■ **Required work**
Your answer must be the lines of the material below, exactly as written, from its first line through the line with "2. Hand tools.", and no pictures.

■ **Data excerpts**
====

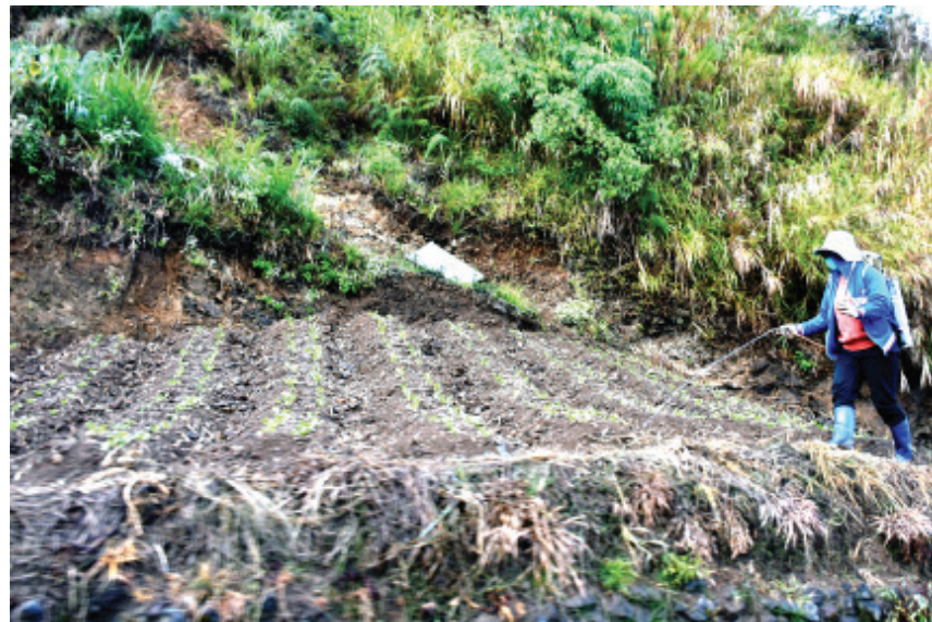
BAUKO VEGGIE FARM - Many farms in the lowlands and even in some parts of the Cordillera are experiencing drought due to the effect of El Nino but most farms in Bauko are still surviving with the abundant supply of water from the forested areas of the municipality. Here, a farmer waters her vegetable plants along Bauko, Mountain Province.

He revealed there were 45 police operations against illegal drugs wherein 40 persons were arrested and the seizure of 80.89 grams of shabu as well as the uprooting of 143,434 marijuana plants and the confiscation of 83.97 kilos dried marijuana leaves worth over P39.2 million that resulted to the filing of 25 cases with 32 surrendered drug personalities regionwide. /Dexter A. See
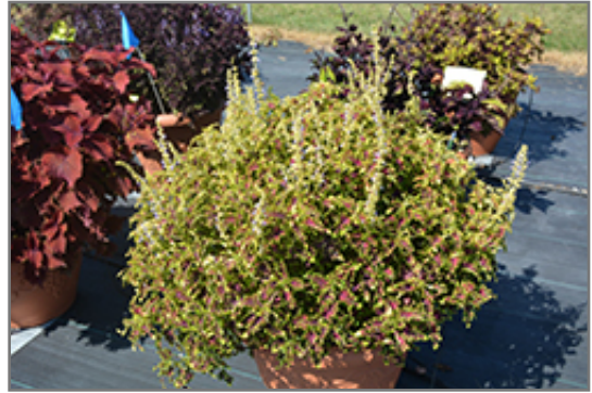
Under The Sea Electric Coral Coleus

Under The Sea Electric Coral Coleus will grow to be about 20 inches tall at maturity, with a spread of 24 inches. When grown in masses or used as a bedding plant, individual plants should be spaced approximately 20 inches apart. Although it's not a true annual, this fast-growing plant can be expected to behave as an annual in our climate if left outdoors over the winter, usually needing replacement the following year. As such, gardeners should take into consideration that it will perform differently than it would in its native habitat.
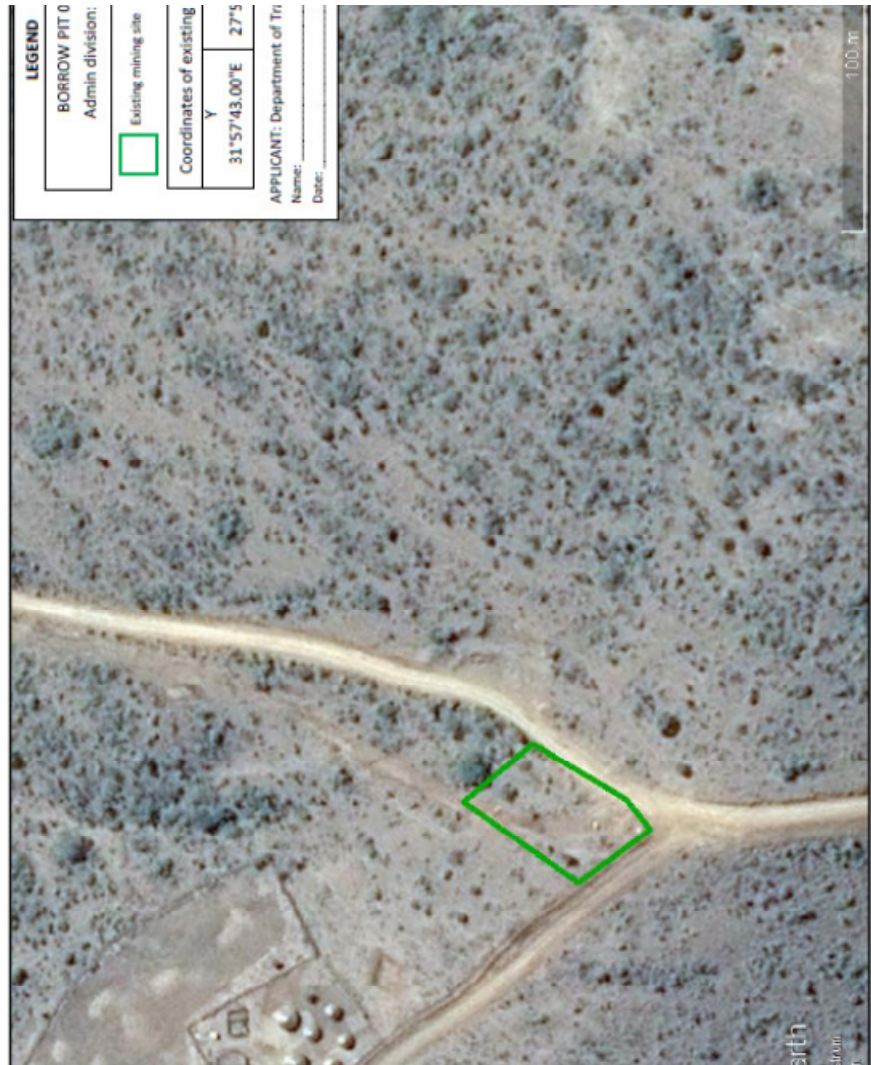
Figure 1. Google aerial photograph showing the location of Borrow Pit 36.
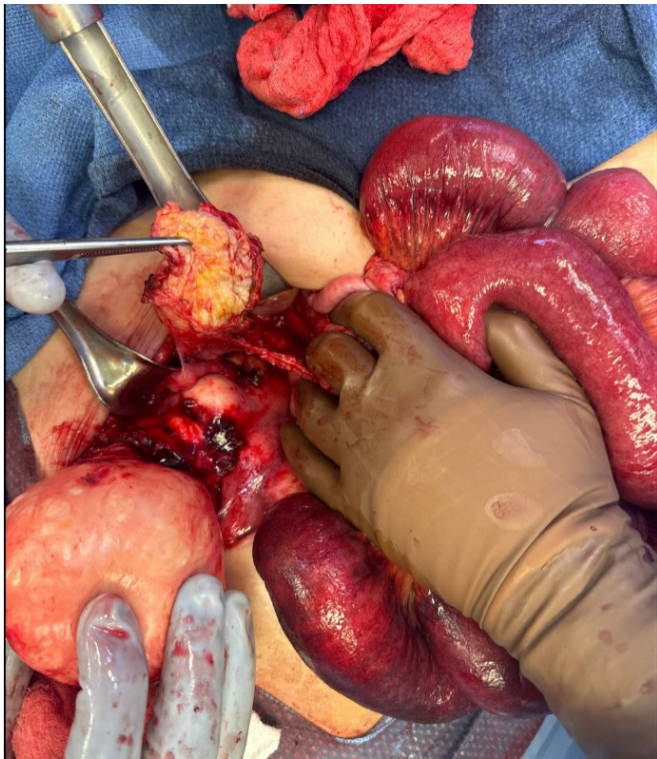
Figure 3 Right pelvic sidewall mass being excised.

with an open approach as the bulk and shape of the fibroid uterus limited pelvic domain, resulting in a limited xyphoid-to-umbilicus distance, and restricted any lateral uterine movement that would facilitate a laparoscopic hysterectomy.
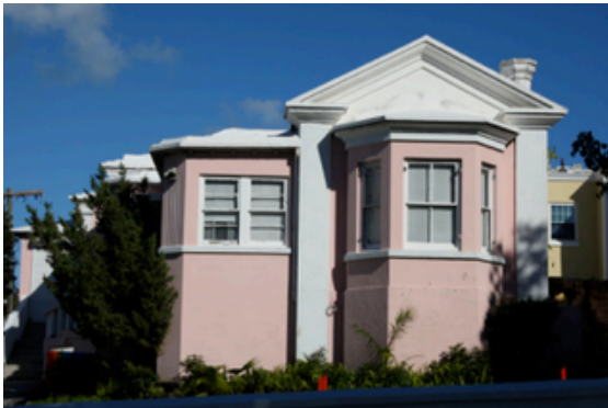
Cavendish Cottage, 57 Victoria Street
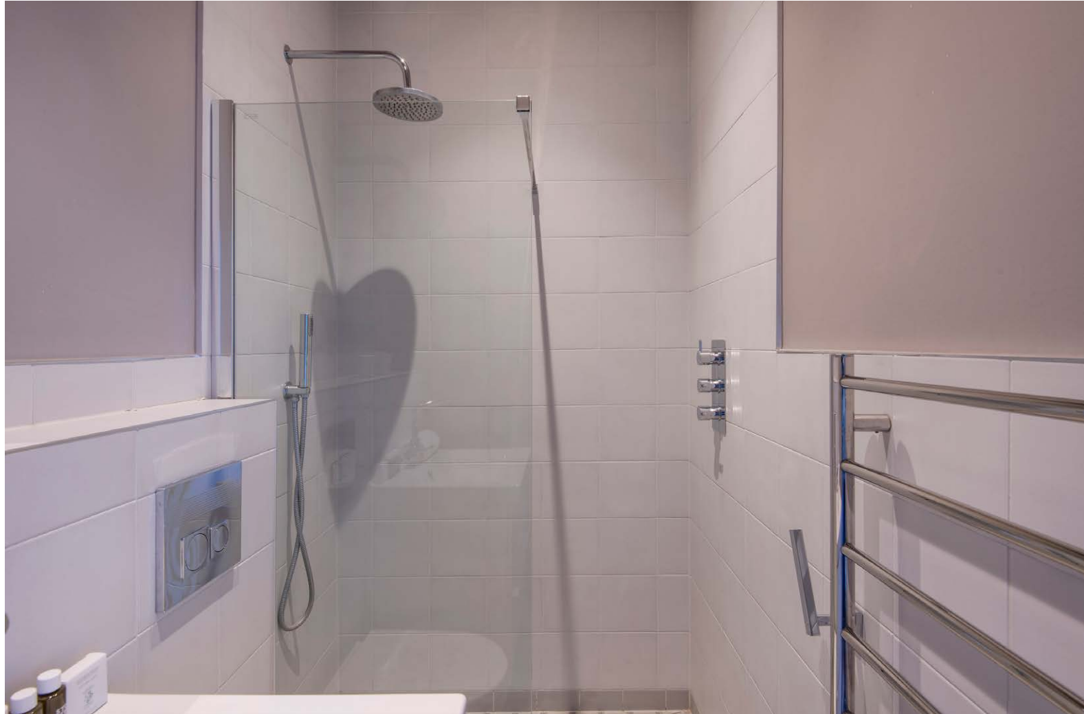
A stylish, tiled bathroom has a walk-in rainfall shower and modern fittings.
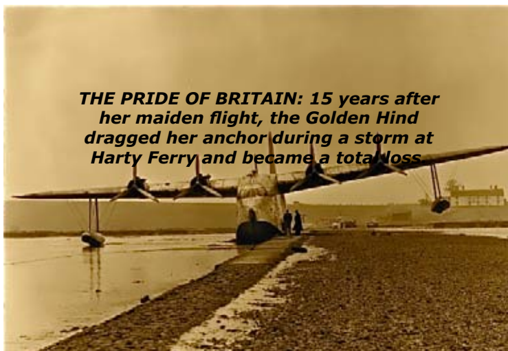
THE PRIDE OF BRITAIN: 15 years after her maiden flight, the Golden Hind dragged her anchor during a storm at Harty Ferry and became a total loss

Sadly, however, Fleet Airways never found the capital they needed for their venture, and as the months passed Golden Hind remained at Rochester. I tried to help by getting the newly-founded Aquila
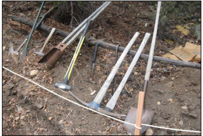
2. Hand tools.
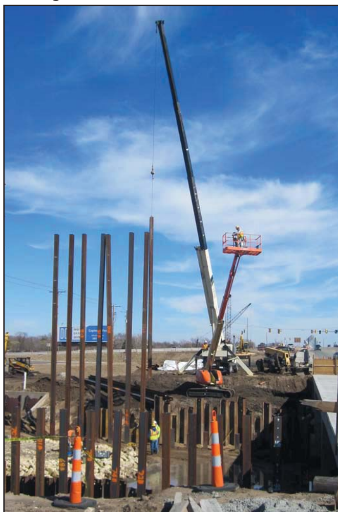
Construction activities have increased as spring weather arrived. Pile driving for a bridge on U.S. 81 over a small creek in south Wichita is part of the I-135/47th Street South interchange project.
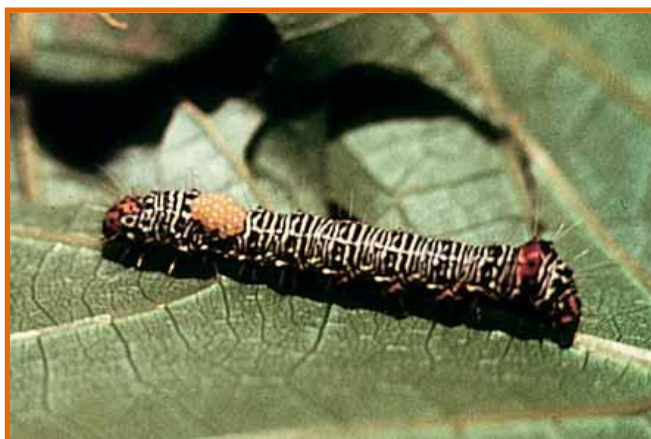
Damage from Grape Vine Moth and its caterpillar appears in some vineyards. It is worth looking for this at this time of the season.

----- This message was prepared for The Clare Region Grape Growers Association by Magarey Plant Pathology and Western Electronic Design. -----
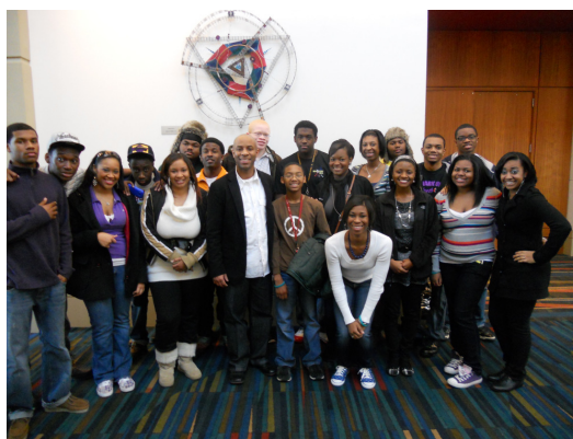
Youth Reflections on Revolution

were on the mountain with Him when they saw His body amazingly changed. Because of the wonder of the moment they suggested building a shrine to remember and document the experience. Amazingly, the scene quickly moves to them traveling back down the mountain with Jesus. During Revolution each of you experienced great life changing moments. Each of you may be tempted to stay on this mountain of experience but Jesus is inviting all of us to move towards "Next" and share our transformation with the world through the way we live.
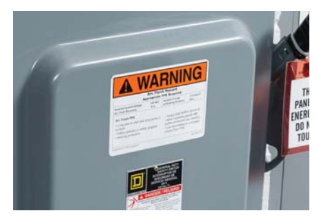
Arc Flash Labels

Visit BradylD.com/B30-B33Labels to find materials or download the Label and Ribbon Guide.
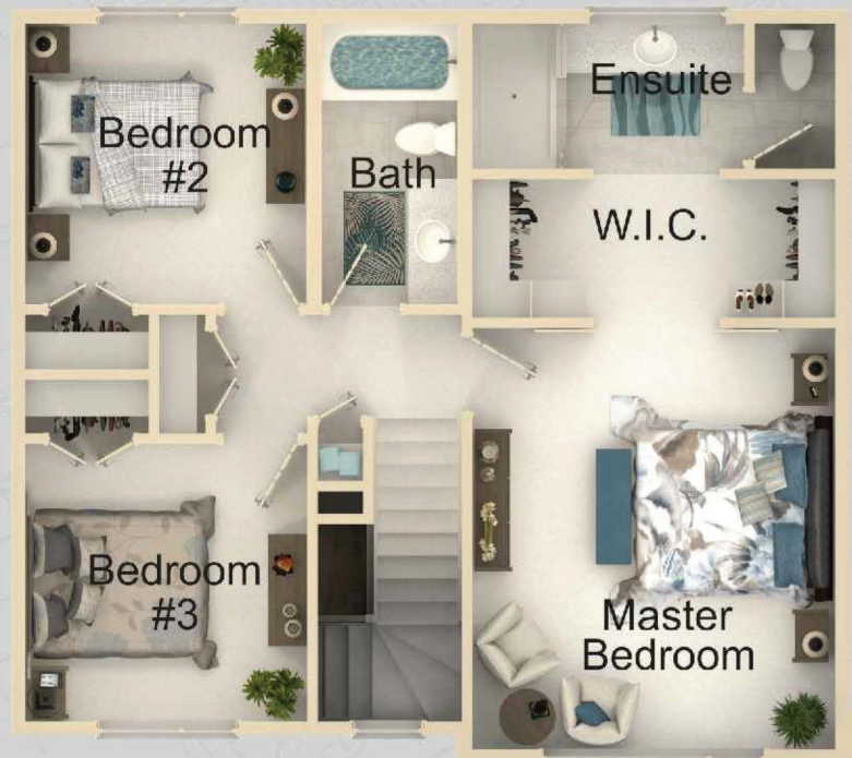
Second Floor 745 Sq.Ft.

NOTE: Artist's renderings do not reflect actual home specifications.
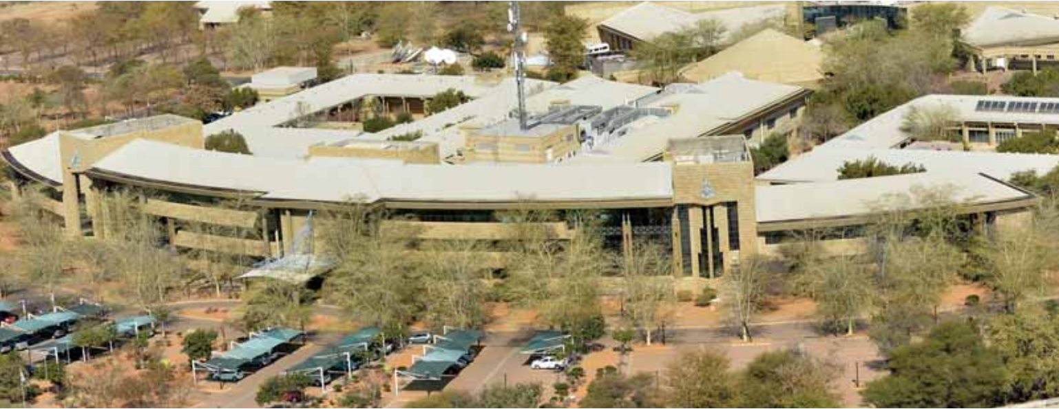
Minister for International Relations, Dr Pheny Butale has told Parliament that work was in progress to transform the state media into a public broadcaster with an autonomous board.
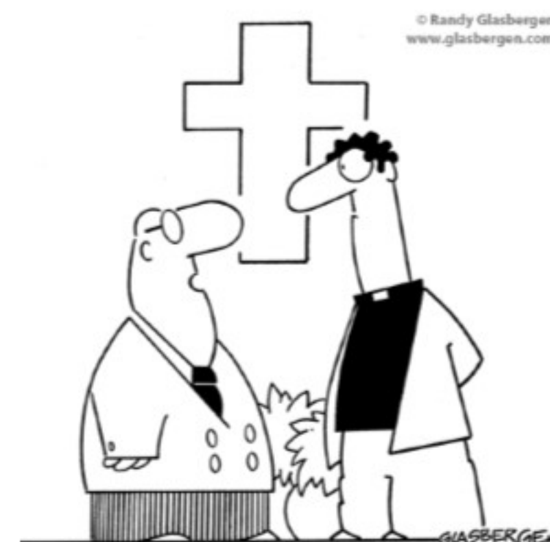
"If I count my blessings and some of them are heavily taxed, do they still count as blessings?"

The North Huntingdon site for the free income tax service provided by AARP's Tax-aide has relocated from the North Huntingdon Townhouse to the lower level of the Norwin Community Resource Center which is located behind Shirley's Funeral Home in Circleville. This site will now be a "by appointment" site and you must make your appointment by calling 724-382-5133 . The Resource Center address is 231 Jennie Drive, N. Huntingdon, Pa. 15642. If you need directions, ask when you call for an appointment.
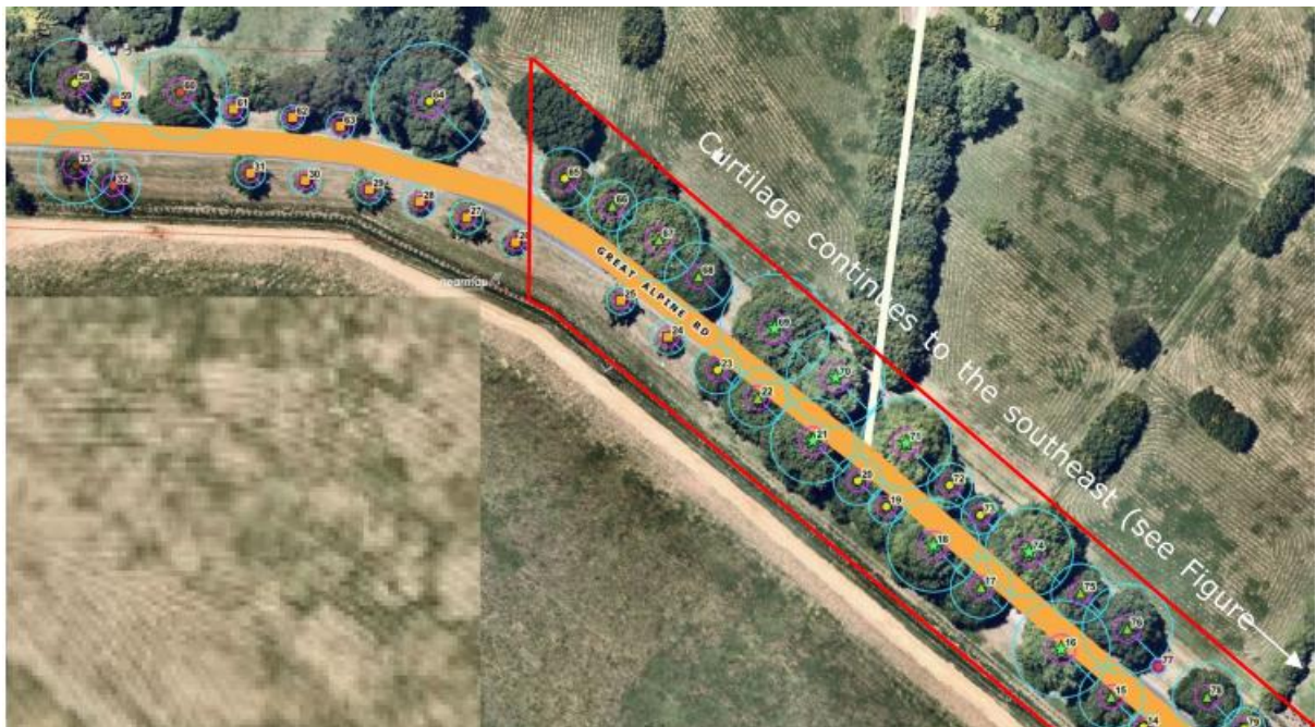
Figure 3: Recommended curtilage (western section) for the Heritage Overlay outlined in red.

The recommended curtilage for the Heritage Overlay includes the 48 trees and surrounding land that accommodates an appropriate setting for this heritage place and tree protection zones is outlined in Figures 3 and 4.
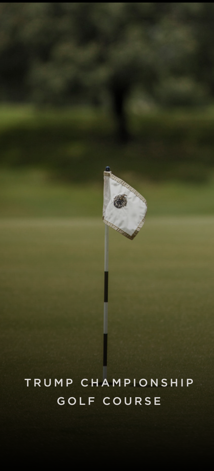
TRUMP CHAMPIONSHIP GOLF COURSE

MINUTES AWAY FROM UNPARALLELED AMENITIES

====

■ **Solution to this problem**
BAUKO VEGGIE FARM - Many farms in the lowlands and even in some parts of the Cordillera are experiencing drought due to the effect of El Nino but most farms in Bauko are still surviving with the abundant supply of water from the forested areas of the municipality. Here, a farmer waters her vegetable plants along Bauko, Mountain Province.

He revealed there were 45 police operations against illegal drugs wherein 40 persons were arrested and the seizure of 80.89 grams of shabu as well as the uprooting of 143,434 marijuana plants and the confiscation of 83.97 kilos dried marijuana leaves worth over P39.2 million that resulted to the filing of 25 cases with 32 surrendered drug personalities regionwide. /Dexter A. See
Under The Sea Electric Coral Coleus

Under The Sea Electric Coral Coleus will grow to be about 20 inches tall at maturity, with a spread of 24 inches. When grown in masses or used as a bedding plant, individual plants should be spaced approximately 20 inches apart. Although it's not a true annual, this fast-growing plant can be expected to behave as an annual in our climate if left outdoors over the winter, usually needing replacement the following year. As such, gardeners should take into consideration that it will perform differently than it would in its native habitat.
Figure 1. Google aerial photograph showing the location of Borrow Pit 36.
Figure 3 Right pelvic sidewall mass being excised.

with an open approach as the bulk and shape of the fibroid uterus limited pelvic domain, resulting in a limited xyphoid-to-umbilicus distance, and restricted any lateral uterine movement that would facilitate a laparoscopic hysterectomy.
Cavendish Cottage, 57 Victoria Street
A stylish, tiled bathroom has a walk-in rainfall shower and modern fittings.
THE PRIDE OF BRITAIN: 15 years after her maiden flight, the Golden Hind dragged her anchor during a storm at Harty Ferry and became a total loss

Sadly, however, Fleet Airways never found the capital they needed for their venture, and as the months passed Golden Hind remained at Rochester. I tried to help by getting the newly-founded Aquila
2. Hand tools.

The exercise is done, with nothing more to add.